- Born: 1935 (age 90–91) Paris, France
- Spouse(s): Francois Dujarric de la Rivière (ended in divorce) Louis Begley ​(m. 1974)​
- Children: Robert Dujarric (b. 1961) Stéphane Dujarric (b. 1965)
- Relatives: Anatol Mühlstein (father) Robert de Rothschild (maternal grandfather) René Dujarric de la Rivière (father-in-law)
- Writing career
- Notable awards: Prix Goncourt (1996)

= Anka Muhlstein =

French historian and writer

Anka Muhlstein (born 1935) is a French historian and biographer.

==Early life==
Muhlstein was born to Anatol Mühlstein and Diane de Rothschild in Paris in 1935. Her older sister was endocrinologist Nathalie Josso, and her younger sister is artist Cécile Muhlstein.

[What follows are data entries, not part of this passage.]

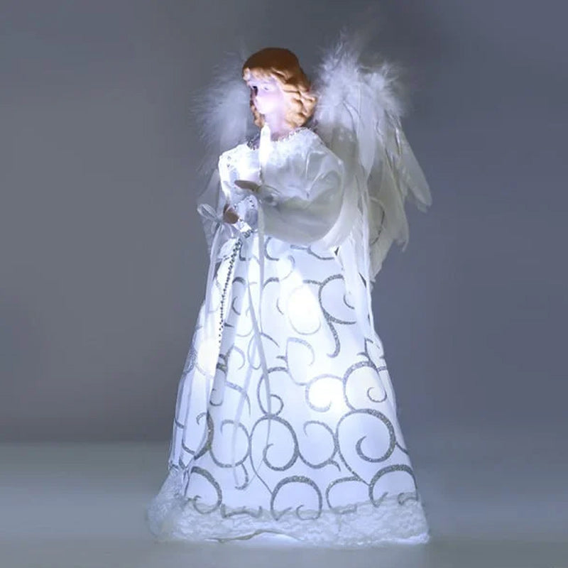 • Dieser wunderschöne Engel trägt ein weißes Kleid aus echtem Stoff mit silbernen Akzenten und sportlich schillernden Flügeln.
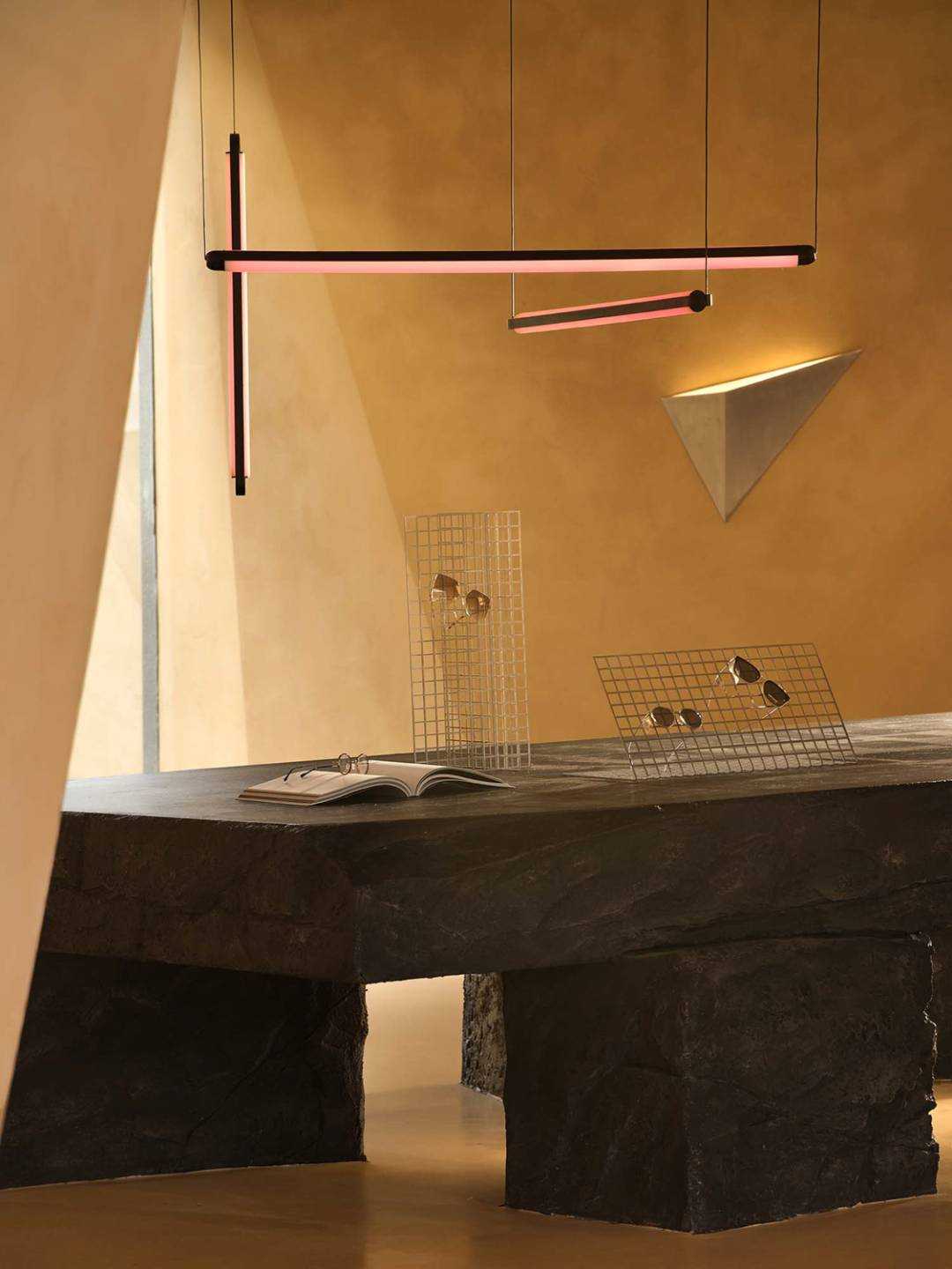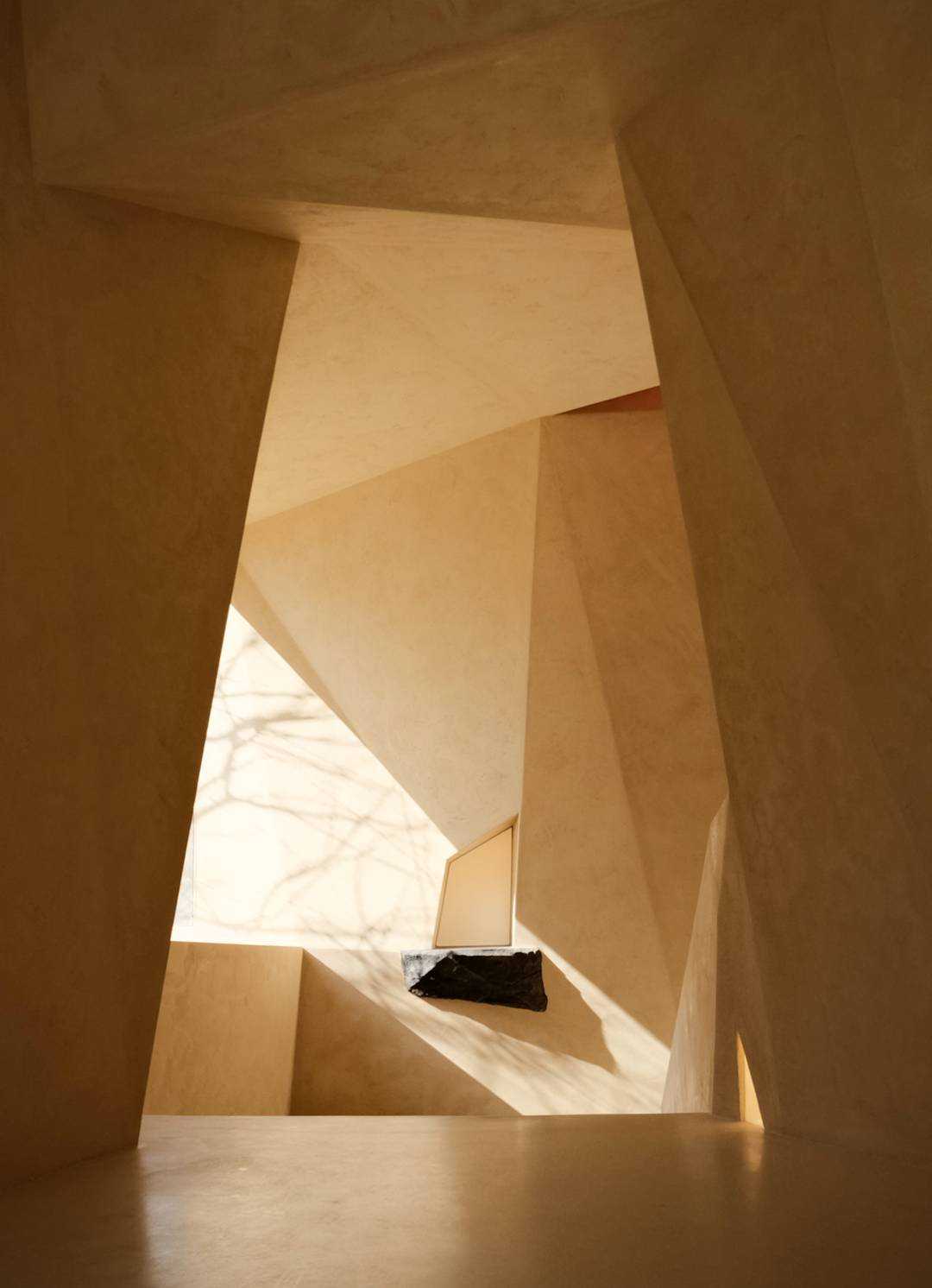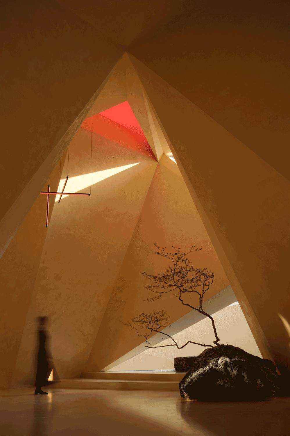 | 这是一次全新策略的商业更新设计 是立足于城市文化基因的革新探寻 以凌驾于商业建筑体之上的目光 柔软地落地在人文的逻辑思考背后 艺术地标式商业思维 浙江温州,一座以眼镜工业著称的城镇里,诞生自1992年的方氏眼镜在经济退行的时代背景下,决定以全新的眼镜艺术展厅为新的转折点,思考商业与文化的碰撞逻辑,重启企业发展之路。 立足于城市更新背景,通过变革传统商业展厅的方式,将方氏眼镜的全新展厅视为立足于城市发展进程中的一座艺术地标,当商业目的被掩盖,存在于我们眼前的是一座具有时代创新风格的解构式艺术展厅,设计的目光早已超越了简单的功能主义空间维度,旨在探索商业空间在工业城市中的有机转型与新的存在模式。 光线为引,形状再生 在天文光学中起源的三角学说,其形态的几何性秩序,意味着未来,象征精神属性的创造。 设计自此概念中提取45°光线作为视线的索引,形成自然的三角几何关系。从眼镜展厅的复杂元素中,抽取“目光”这一概念,作为贯穿空间始终的脉络,把玩着视觉与场景间的互动体验关系,室内照明以软膜灯光为主,隐藏在几何错落间的缝隙里,适量红色灯影调和整体大地色的温暖感,被置于向上凹进的天花内,随目光的靠近而愈发明晰。阳光作为应邀而来的观众,自由地穿梭于场景的结构之间,通过立面的折转,形成束状的光线错觉,并随着时间的游移而不断变换,场景间的明暗层级关系反复交错,创造起戏剧性的沉浸式商业空间体验。 流动的共生空间形态 室内空间打破常规的静态分区模式,以流动共生的空间逻辑作为组织原则,在敞开式的场景内,以光线的走势为脉络,在保持视觉和空间连续性的同时,有机串联空间的功能分区,将装置展厅、咖啡空间与艺术书局三大功能体块进行有机交融与重构。 入口接待为始,脉络依次向内延伸,穿过中庭巨大的展陈空间,光与影在几何结构下交错呼应,不断回应“几何光场”这一命名主题。 于此同时,愈行愈烈的咖啡香气引起人们对空间向内的好奇,穿过几何形体的切分,终于到达预料之外又意象之中的咖啡主题区域,而作为书局存在的阅读空间需要走上楼梯,在相对静谧的状态下,引起场景平面与立面间互动的话题。 这种连贯的,以视觉、嗅觉与直觉为主导的动线路径,将展陈打碎糅合进不同板块之间,使其成为场域间的“连接件”,重新定义商业空间的城市角色。 如此一来,场景在商业组成的前提下,植入新的可成长基因,这是一次对传统零售空间的思维重构,将传统眼镜展厅转译成一座活化地域的城市艺术地标,以此赋予空间更多属性的存在形式,给予更多值得人们踏入并驻足的理由,重新定义商业空间在城市有机体中的角色——不再单一的承担销售与展陈功能,更代表城市基因的一个部分,以传达具有在地属性的精神内核,代表城市的某个具象缩影。 柱体被几何化重塑,光线穿梭其中,形成犹如舞台布景般的层次感。 空间整体采用新型环保艺术漆,为顶面、立面、地面三面打造一体的视觉感受,场景如同一个完整而连续的雕塑,带来错综的迷途般的路径感受,复杂又简单,紧密且疏离。 室外空间作为内场地的序言,摒弃传统园林式的繁复设计,以后现代美学主义意象的几何体块呼应场地的元素精神,高低折转的地面与透明玻璃的窗景,打破边界,视线城市建筑的呼吸共振,从而创造出一个完整的城市建筑艺术设计。 | |||
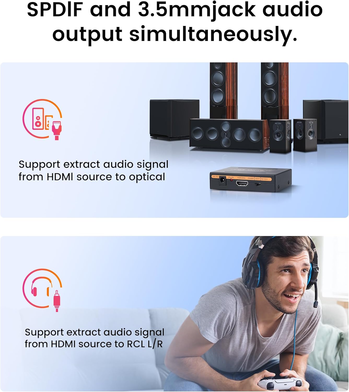 【Extract & Split Audio Effortlessly】 This HDMI audio splitter extracts digital audio from HDMI sources (like PS5, Sky Q, or Fire TV) and outputs via Optical Toslink (SPDIF) or RCA L/R, while passing the original 4K video to your TV/monitor. Ideal for connecting soundbars, AV receivers, amplifiers, or speakers. (Note: Does not support HDMI ARC.)
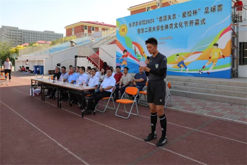 近日,今年会官方网站2024年“思源天农·爱校杯”足球赛暨第二届大学生体育文化节拉开帷幕。本次比赛由体育教学部承办,中国农业银行天津新技术产业园区支行赞助。中国农业银行天津新技术产业园区支行党委委员、副行长腾松涛出席开幕式。今年会官网财务处处长肖俊生,教职工足球队队长、水产学院院长郭永军,体育教学部主任夏建海及各学院副书记、副院长和辅导员参加开幕式。体育教学部副主任玄文波主持开幕式。
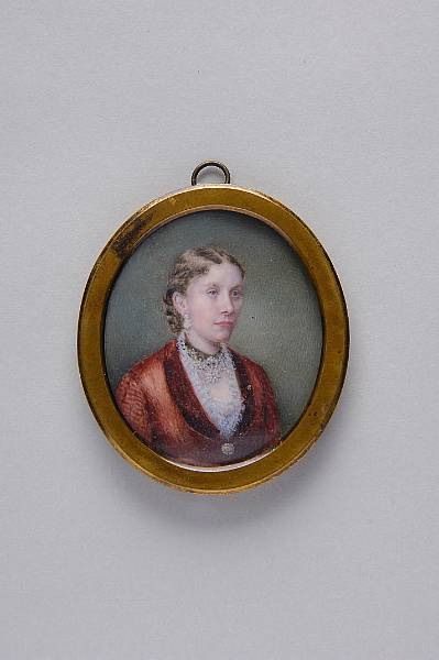 A miniature portrait of Mrs Horley, wearing a burgundy dress, diamond necklace and earrings
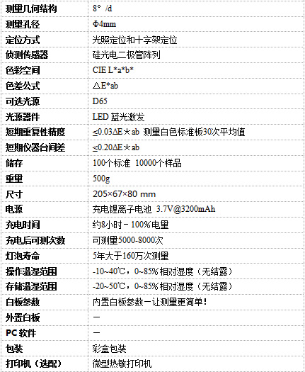 | CM-215 | 便攜式精密色差儀,色差計 | 8/d | LED | 請入內頁查看 | ΔE*ab: 0.08 |
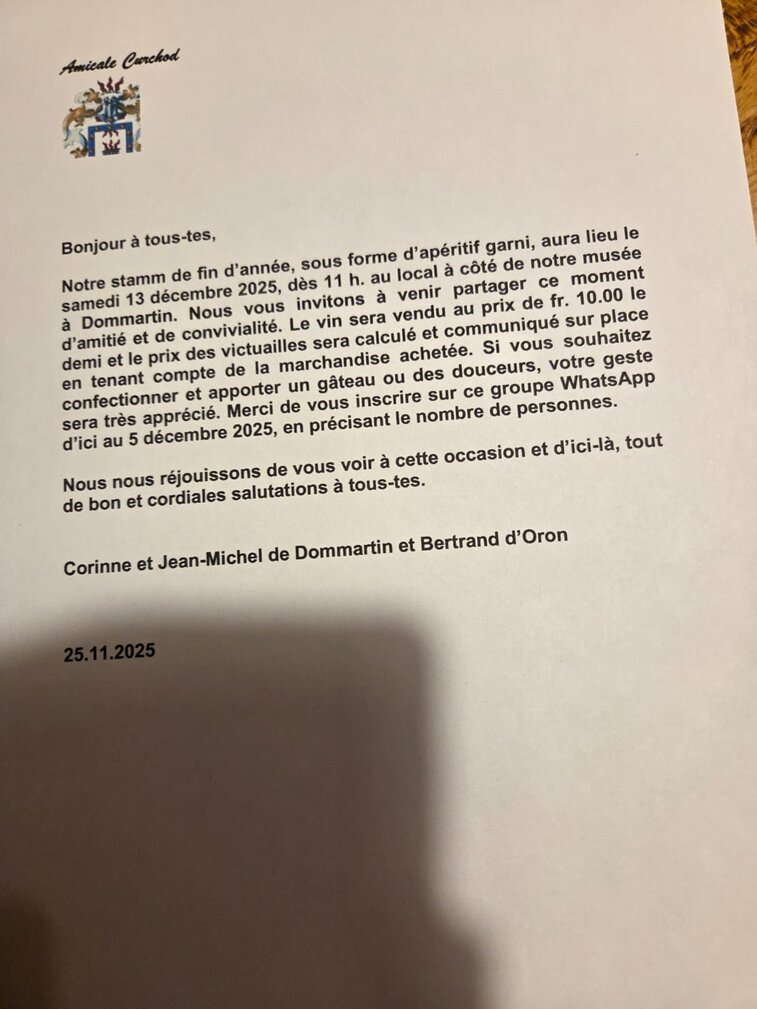 STAMM de Noël 2025 à Dommartin le 13 décembre dès 11 h au muséeInscrivez-vous au plus tard le 5 décembre auprès de Bertrand, Corinne ou Jean-Michel
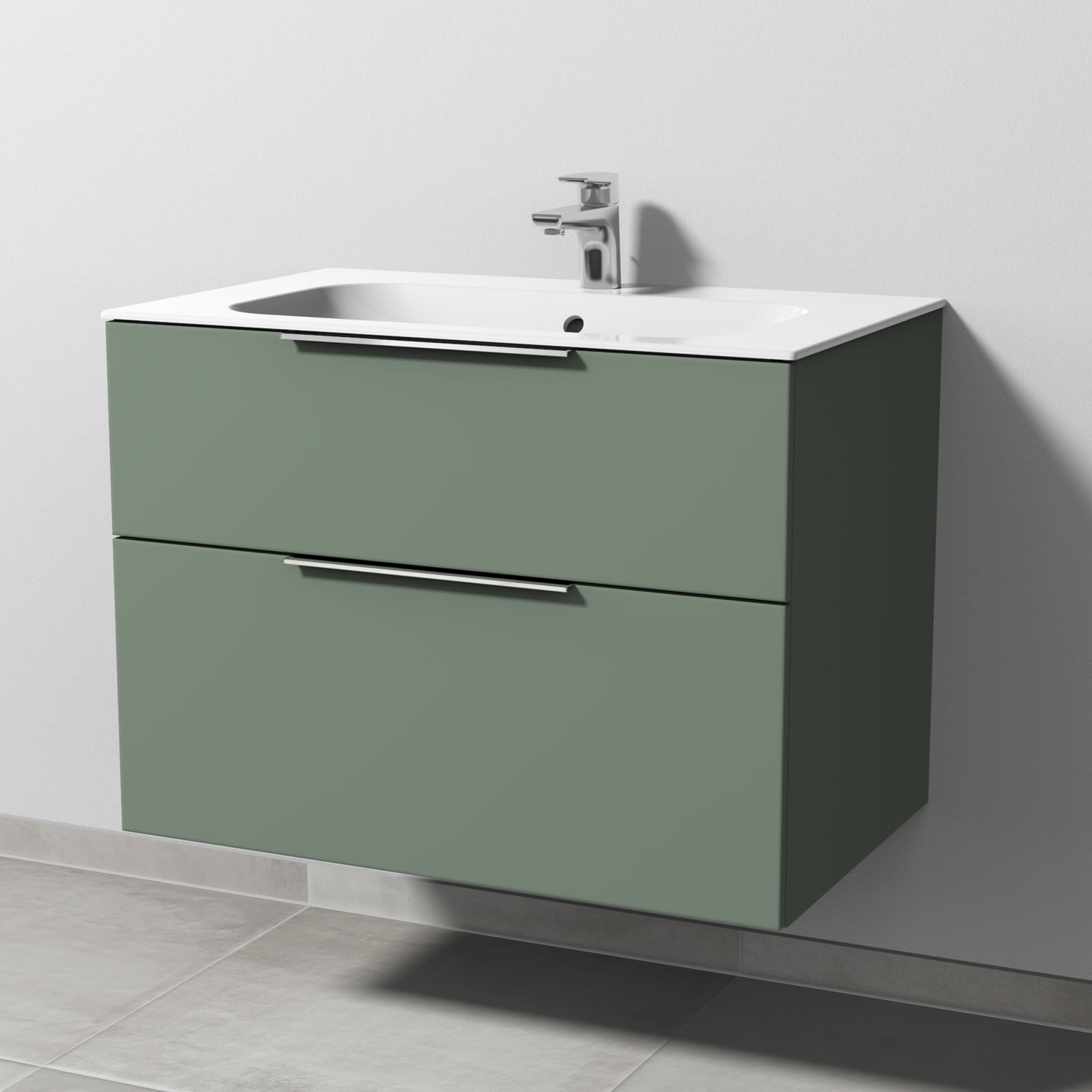 Sanipa 3way Unterschrank 80 cm, 2 Auszüge, Aufsatz-Griffe mit Villeroy & Boch Finion Waschtisch
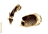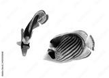 Pair of Raccoon Butterflyfish (Chaetodon lunula, crescent-masked, moon butterflyfish) isolated on white background. Two tropical fish with black and yellow stripes. Close-up, side view, cut out.
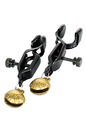 Металлические зажимы для сосков с этническим рисунком добавят перчинки в ваши игры. Сами зажимы создадут дополнительную стимуляцию, а колокольчики озвучат каждое движение. Сила сжатия регулируется болтиком. Вес нетто/брутто: 0,043/0,063 кг. Размеры упаковки (ДхШхВ): 3 см x 9 см x 15 см.
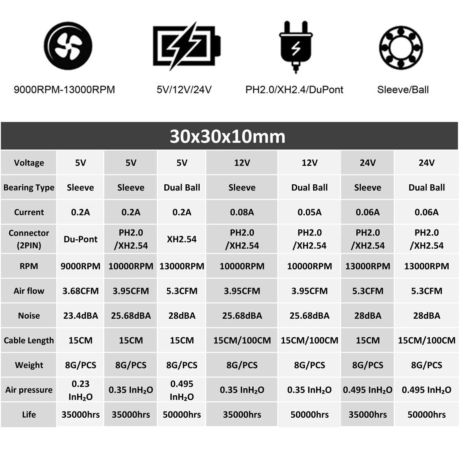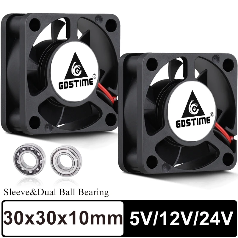 5 шт. Gdstime 30x30x10 мм DC 24 в 12 В 5 в двойной шар бесщеточный 30 мм охлаждающий вентилятор 3 см 30 мм x 10 мм маленький мини 2-контактный кулер 3010
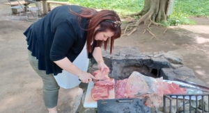 ウルグアイビーフは田中径子元大使が手配してくださり、参加者の皆さんが協力してサラダ、ソースなどを作って持ってきてくれました。重い肉や炭などを車で運んでくれたり、皆さんの協力のお陰で楽しいひと時を過ごすことができました。

During World War II, she stayed in New York City before returning to France in 1945. She was married to François Dujarric de la Rivière (1933-2018), an investment adviser in Paris and son of Marcelle and René Dujarric de la Rivière, with whom she had two sons, Robert and Stéphane Dujarric, and whom she later divorced. In March 1974, she married Louis Begley, a lawyer and author, and moved back to New York with her two sons.

==Career==
Muhlstein has been honored twice by the French Academy's prize for history, for her biographies on her ancestor James de Rothschild, the founder of the De Rothschild Frères, and the eighteenth century explorer Cavelier de La Salle.

Muhlstein received the Goncourt prize in 1996 for biography for her work on the French writer Astolphe de Custine called A Taste for Freedom: The Life of Astolphe de Custine. Muhlstein 's other works include Par les yeux de Marcel Proust (1971), La Femme Soleil (1976), Victoria (1978), Manhattan (1986), Reines éphémères, Mères perpétuelles (2001), Les Périls du Mariage (2004), and Napoléon à Moscou (2007).

In 2008, she and her husband Begley released Venice for Lovers, two essays and a short story they individually wrote about Venice. Her Garcon, un cent d'huîtres (Balzac's Omelette: A Delicious Tour of French Food and Culture With Honoré de Balzac in English, translated by Adriana Hunter), a study of the role of gastronomy in the novels of Balzac, was published in 2010.

In 2017, her book, The Pen and the Brush: How Passion for Art Shaped Nineteenth-Century French Novels, was published by Other Press. Julian Barnes wrote, "Anka Muhlstein wisely limits herself to prose writers, and to five who speak to her most clearly: Balzac, Zola, Huysmans, Maupassant, and ... Proust". Jonah Raskin's review acclaimed The Pen and the Brush as "riveting".

In 2023, her book Camille Pissarro: The Audacity of Impressionism was published by Other Press. It was a translation by Adriana Hunter of Camille Pissarro: Le Premier Impressionniste, published in Paris by Plon. Adam Gopnik wrote, "Muhlstein is a sympathetic chronicler of Pissarro's life ... [and] she has real insight to offer into the practical economics of Impressionist painting."